The BFN Unit 2 baseline core damage frequency (CDF) from all internal event causes is 1.25E-6 events/year. Over the 12-day interval where leakage to the environment could have occurred during a core damage event, the estimated event frequency is: 12/365 x 1.25E-6 = 4.1E-8 events. Stated as a probability, this corresponds to 1 chance in approximately 24 million of a core damaging event occurring within this 12-day span of time. Regarding large early release frequency (LERF), even if the conditional probability of LERF given a core damaging event is considered to be 1.0, the LERF value can be no greater than 4.1E-8. Since the above frequency estimates include incidences of relatively small amounts of core damage, the probability of an accident involving significant core damage is therefore more unlikely still. However, if an event involving significant core damage is postulated to have occurred during this small timeframe, releases could have increased above the limits of 10 CFR 50.67 resulting in an unanalyzed condition. Considering the extremely low occurrence probability of any core damage event during this limited period of time, it is concluded that this condition had a negligible impact on the health and safety of the public.

There were no releases above regulatory limits, and, based on the above discussion, it is apparent there was no adverse safety impact of this event. There was no effect on the health and safety of the public.

VI. CORRECTIVE ACTIONS

A. Immediate Corrective Actions

The service water flow path through the 2A RHR Heat Exchanger was isolated. Planning was commenced for diagnosing the leak source and repairing the leak. During the repair activity the RHR 2A heat exchanger floating head gasket was replaced using a modified split ring and seal weld.

B. Corrective Actions to Prevent Recurrence)

  • Revised maintenance procedures to include instructions for replacing the RHR heat exchanger floating head. (completed)
  • Review RHR heat exchanger repair history on all three BFN units to determine dates of floating head gasket replacements and to identify heat exchangers with the original design soft iron floating head gasket installed. (completed)
  • Estimate the rate of material loss for the RHR heat exchanger floating head gasket seating surface for predictive purposes. (completed)
  • Develop a schedule for gasket and/or head replacement on the remaining BFN RHR heat exchangers. (completed)
  • Implement the heat exchanger repair plan (in progress)
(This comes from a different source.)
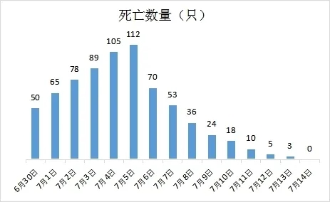 該養(yǎng)殖場夏季貉子存欄5000只,分兩批次完成夏季貉子的防疫工作,6月3日-6月5日免疫2300只早窩貉子,6月27-6月28日免疫2700只晚窩貉子。打完疫苗后的第二天晚窩貉子開始出現(xiàn)精神沉郁、采食量下降、死亡的病例,病情一直延續(xù)到15天后開始出現(xiàn)穩(wěn)定,發(fā)生病情15天內貉子的死亡數(shù)量如下圖所示:

VII. ADDITIONAL INFORMATION

A. Failed Components

PERFEX (now Thermal Engineering, Inc.) CES 51-6-240 heat exchanger floating head gasket B. Previous LERs on Similar Events None. It is noted that BFN has previously incurred RHR heat exchanger leakage in events reported to NRC in the late 1970's and early 1980's, however, the leakage in these events resulted from issues of maintenance of bolting preload and not gasket material failure.

(1) TVA does not consider these corrective actions regulatory commitments. The completion of these actions will be tracked in TVA's Corrective Action Program.

C. Additional Information

Browns Ferry corrective action documents PER 79143, PER 81236, and PER 83123 D. Safety System Functional Failure Consideration:

The condition being reported involves a safety system functional failure which was reported as a performance indicator data element in accordance with NEI 99-02. One safety function of the RHR system is to act as an extension of primary containment, and the condition identified herein represents a failure of this function.

E. Loss of Normal Heat Removal Consideration:

N/A. This condition being reported did not involve a reactor scram.